Simon Simon. zie de satan heeft ulieden zeer begeerd, om te ziften als de tarwe. Hij kan het dus niet doen buiten den Heere om. Vaak weten Gods kinderen zijn plannen niet maar de Heere nam in Zijn plannen die des satans op om Zijn voornemen uit te voeren. Daarin is de bemoedigende gedachte dat alle dingen moeten medewerken ten goede, namelijk dengenen die naar Gods voornemen geroepen zijn. Maar Ik heb voor u gebeden, dat uw geloof niet ophoude.
In deze woorden gewaagt de Borg van Zijne voorbede, zijn priesterlijk werk. Ook dit deel van Zijn ambt vervult Hij getrouw. Hij laat ons een blik slaan in het binnenste heiligdom zijns harten. Welk een hart! De hoogepriester van den ouden dag droeg de twaalf stammen Israëls op borst en schouder, Jezus draagt ze in Zijn hart. Zoo openbaart Hij zich als getrouwe Borg, die tusschentreedt bij den Vader met Zijne voorbede op grond Zijner verdiensten. Hij doorleeft in deze ure het borgschap dat Hij met Zijn bloed bezegelen zal. Hij bad als man van smarten; Hij droeg den nood der Zijnen gelijk Hij hunne schuld betaalde.

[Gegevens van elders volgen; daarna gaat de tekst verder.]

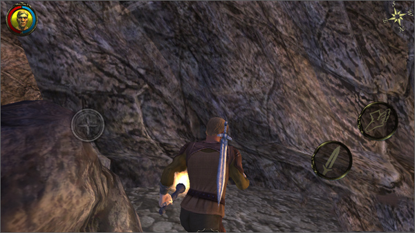 屏幕的右上可切换指南针/小地图,左上显示的是角色的当前状态(包括人物的HP(生命值)/MP(魔法值)),同时点击此处可以进入其他菜单。 下方的技能栏显示玩家当前所拥有的技能,游戏中玩家技能CD时会呈现灰色。而技能释放也很简单,玩家只需要点击即可。
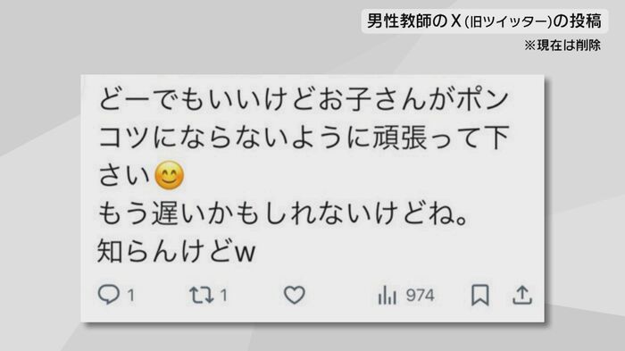大分市の小学校に勤務する30代の男性教師は1月、自身のXで「お子さんがポンコツにならないように頑張って下さい」などと、小学生の娘を持つ愛知県内の40代の女性に対し、中傷を繰り返した。
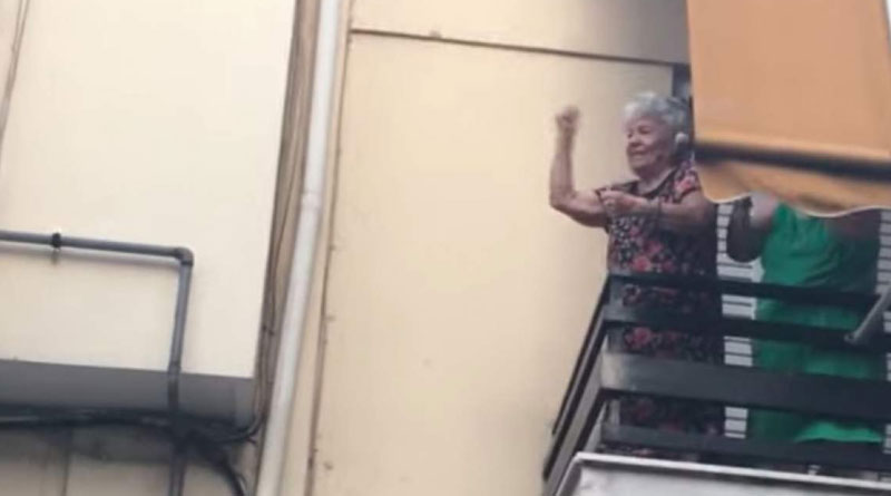 Όταν εκείνοι το αντιλήφθηκαν «ανταπέδωσαν» φωνάζοντας ακόμη πιο δυνατά τα αντιφασιστικά συνθήματα, με την ηλικιωμένη γυναίκα να υψώνει τα χέρια της με σφιγμένες τις γροθιές.
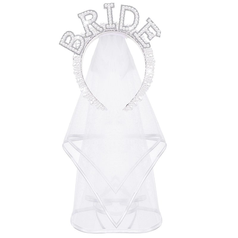 - Impressive Look: our veils for brides with pearly white [BRIDE] inscription is at the top of the pearl headband, and each item is tailored to the bride, making it a good accessory for the wedding day, which will leave a deep impression to the bride and bachelorette and make you look more charming
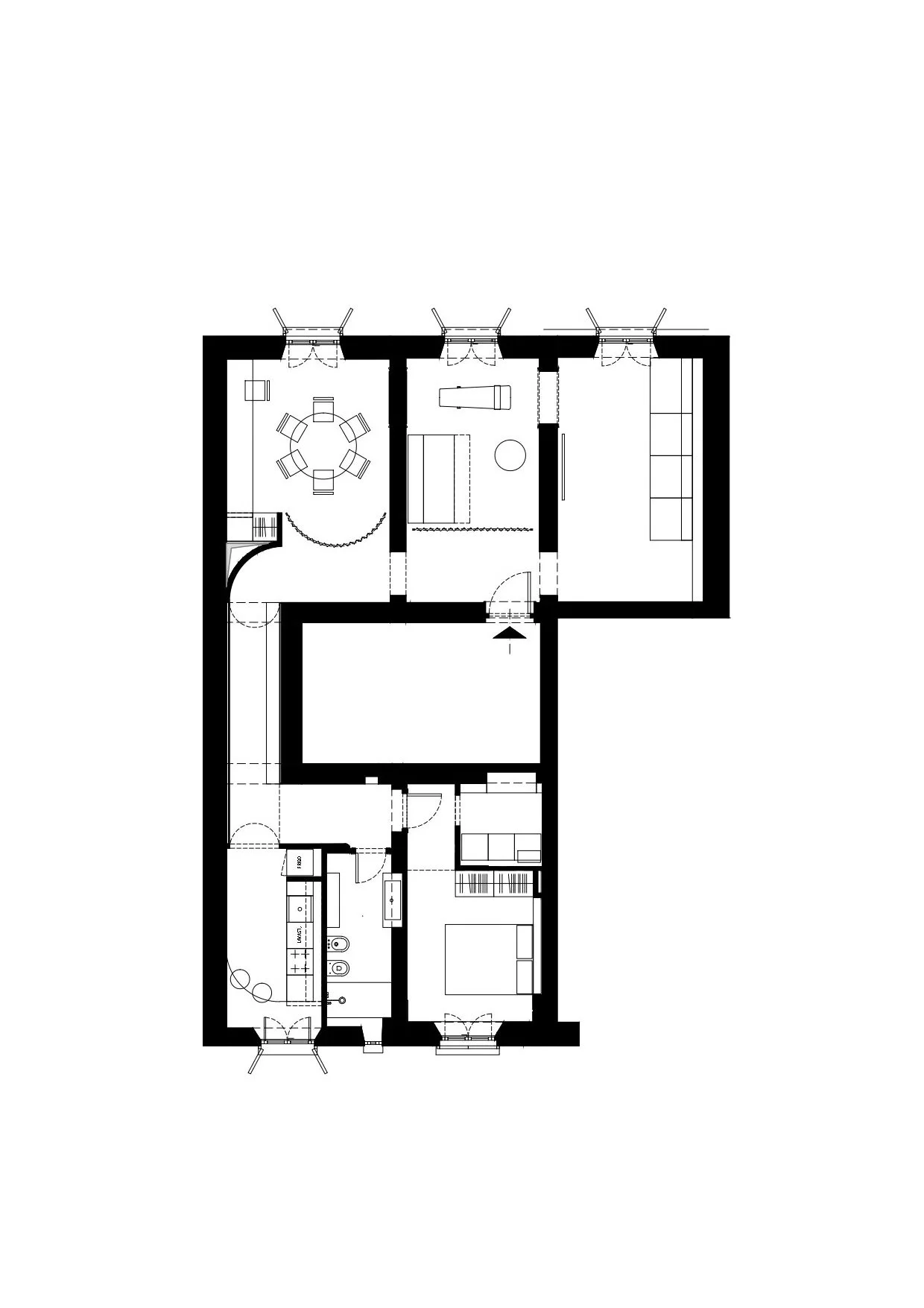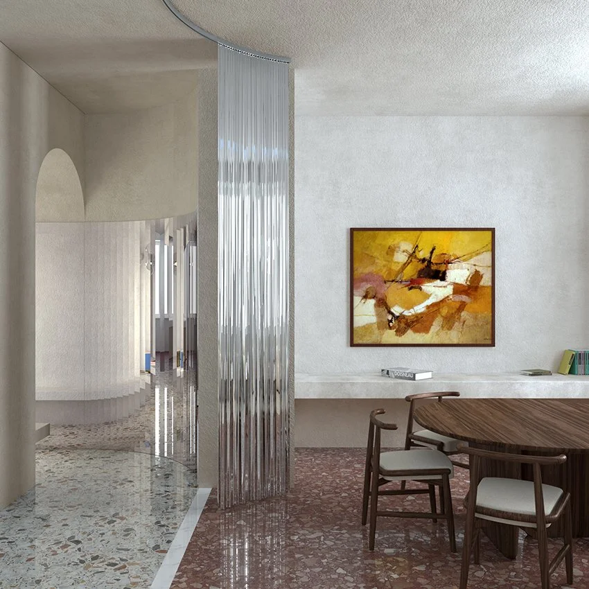L’appartamento, al piano alto di un edificio storico, è una successione di stanze inondate di luce, una sequenza di scene il cui filo conduttore è l’alternanza continua di delicati contrasti, nei colori e nelle finiture. Superfici lucide e cangianti si alternano a pareti ruvide, pavimenti di un tempo dialogano con nuovi inserti contemporanei.
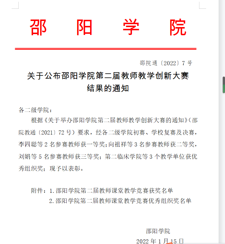 近日,学校正式发文公布了第二届教师教学创新大赛的结果。经过初赛、复赛、决赛层层筛选,激烈角逐,在1月10日的决赛中,第二临床学院(附属第二医院)三位老师脱颖而出,最终向祖祥老师荣获副高组二等奖,刘娟老师荣获副高组三等奖,黄梓龙老师荣获中级及以下组三等奖;同时,第二临床学院荣获本次大赛优秀组织奖。
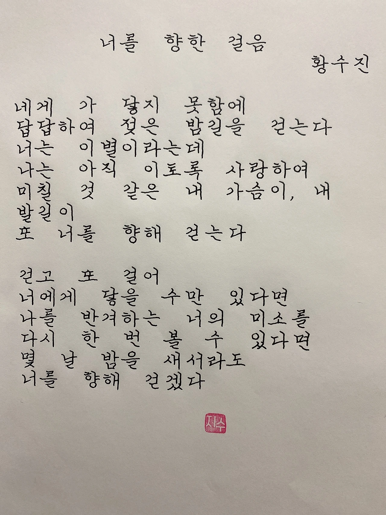 평범한 직장인. 사내 동호회를 통해 매일 한편 손으로 시 읽기를 시작한 이후로, 매일 시 한편을 필사 합니다. 필사한 시가 저작권에 문제가 된다면 말씀해주세요.
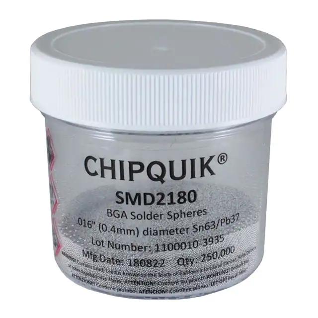 This is manufactured by Chip Quik Inc.. The manufacturer part number is SMD2180. It is assigned with possible HTSUS value of 8311.90.0000. The product is rohs non-compliant. The product is highly reliable with a long-lasting period of 24 months. It comes in solder sphere configuration. It is composed of sn63pb37 (63/37). The product is designed as a nice jar. In addition, it is reach affected. Its warranty starts from date of manufacture. It is shipped in bulk. Its typical moisture sensitivity level is not applicable. It has a long 3 weeks standard lead time. Its diameter is 0.016" (0.40mm). The product smd2, is a highly preferred choice for users. The product is designated with the ear99 code number
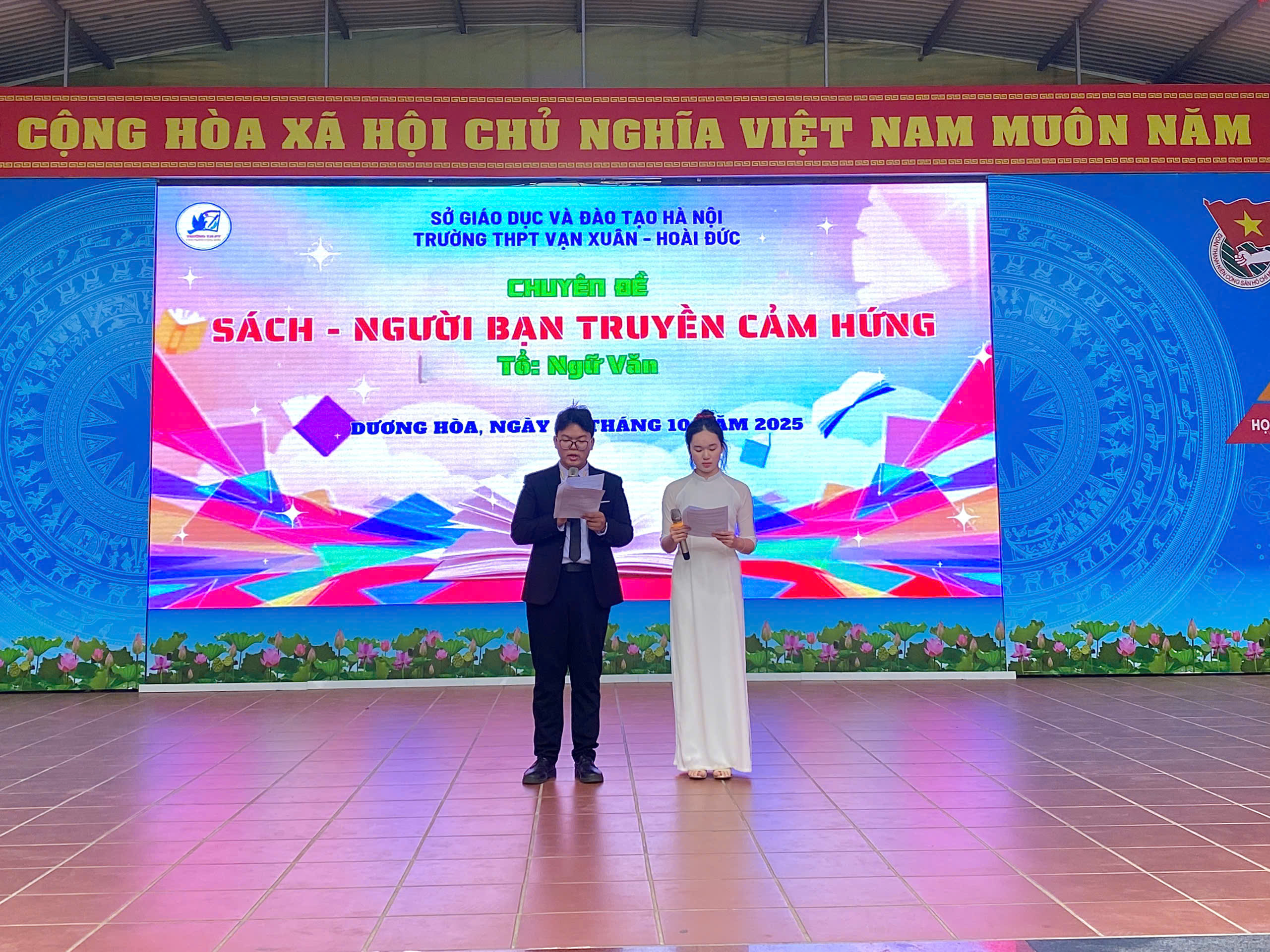 Ngày 27/10/2025, Tổ Ngữ văn Trường THPT Vạn Xuân – Hoài Đức tổ chức chuyên đề “Sách – Người bạn truyền cảm hứng”, nhằm lan tỏa niềm yêu đọc sách và khơi dậy tinh thần sáng tạo, học hỏi trong học sinh toàn trường.
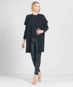 Clara Sunwoo Women’s Pleated Knit – Drape Tunic Cardigan – Artistic Leaf – Final Sale! | Whiteblack
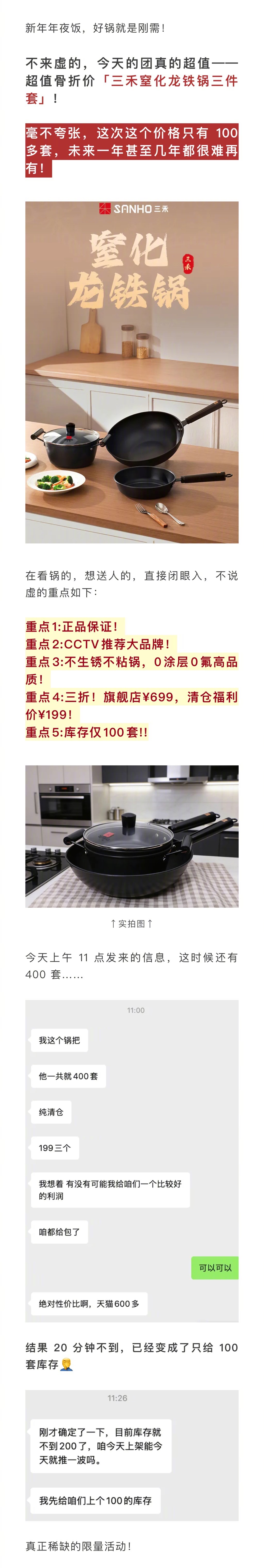 准备年夜饭没有个好用的锅怎么行,今天安排一个特别超值的三禾窒化铁锅三件套的团,捡漏价先到先得!三件套包括炒锅+汤锅+煎锅,专利窒化技术,不用开锅,0涂层不粘不生锈不怕划,直接铁铲钢丝球招呼,一点都不娇气,特好用!原价大几百,开团价一套只要199,拿到的库存不多,有需要的宝子放心入
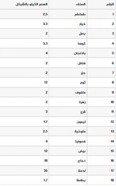 جاءت أسعار الخضروات والفواكه والدجاج واللحوم في قطاع غزة اليوم السبت كما يلي:
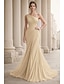 Balklänning Svepsläp Balklänningar Vintage Enkel Öppen rygg Ärmlös Över axeln Satäng med Plisserat Applikationsbroderi
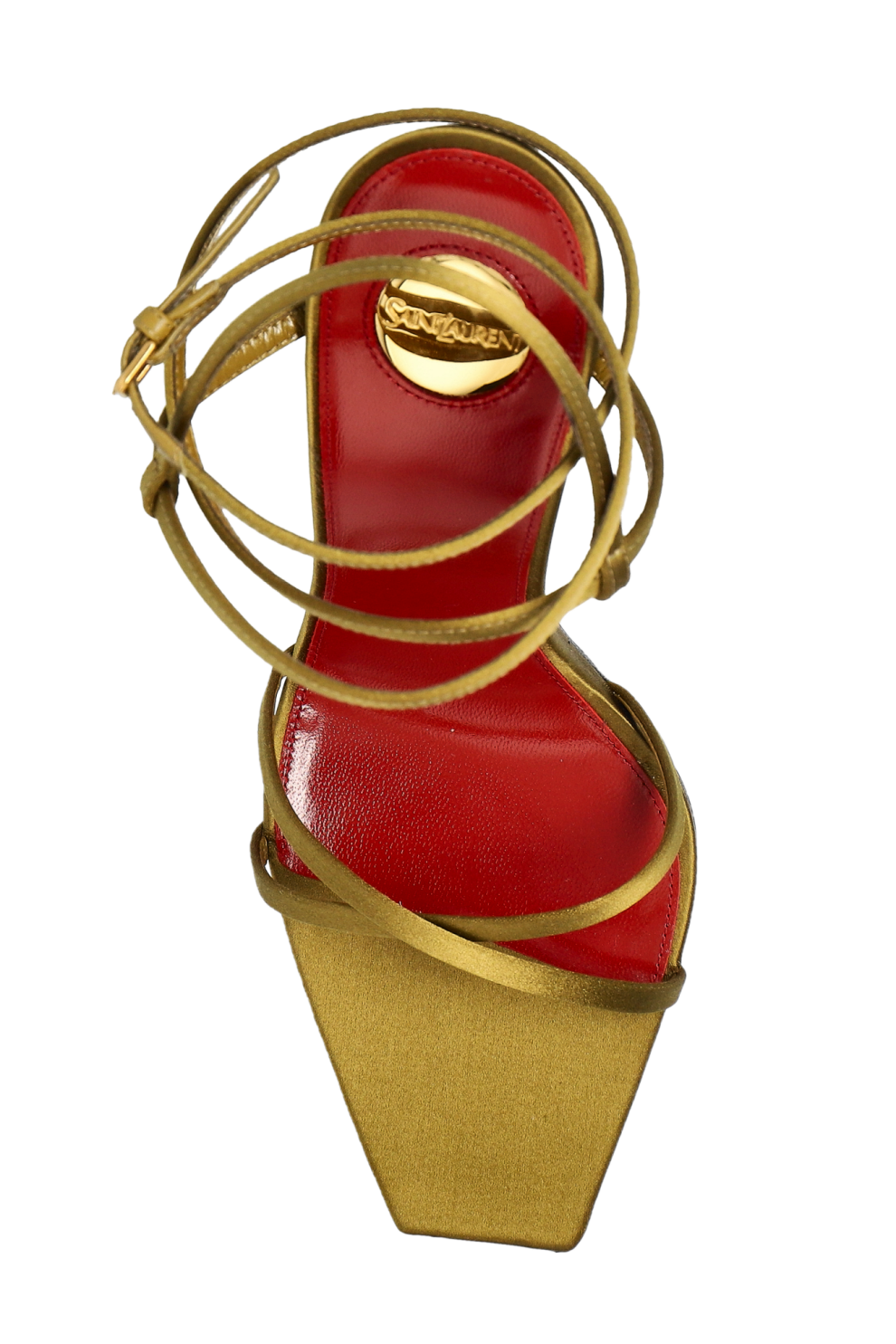 - Иконический каблук с монограммой «YSL» — символ роскоши и эксклюзивности.

Zijne voorbede raakt heden de elven, Simon in het bijzonder maar ook de gansche Kerk. Hij bad niet, dat Zijne discipelen van de zifting werden verschoond. Neen, Hij bad, dat zij niet zouden afvallen van het geloof. De Vader zou hen op grond van de voorbede Zijns Zoons bewaren bij het geloof ook al zouden zij ongeloof openbaren. De discipelen moeten naar Gods Raad in de zeef. Dit was een stuk van het lijden des Heeren, want daardoor werd Hem de laatste verkwikking onthouden, zoodat Hij, van allen en alles verlaten aangewezen was alleen op zichzelf.
Niemand ondersteunde Hem dan Zijn eigen godheid. En de discipelen die mede Gods tijden moeten doorleven kunnen allerminst hun scheepje optuigen bij windstilte, maar moeten in den nood der baren, zelfs zonder anker om voor schipbreuk te worden behoed. Jezus moet alles alléén doen. Hij moet zelfs in dit doodelijkst tijdsgewricht zorgen door Zijn gebed dat hun geloof niet ophoude. Hij vraagt dan ook geen windstilte voor het uur dat storm is bepaald.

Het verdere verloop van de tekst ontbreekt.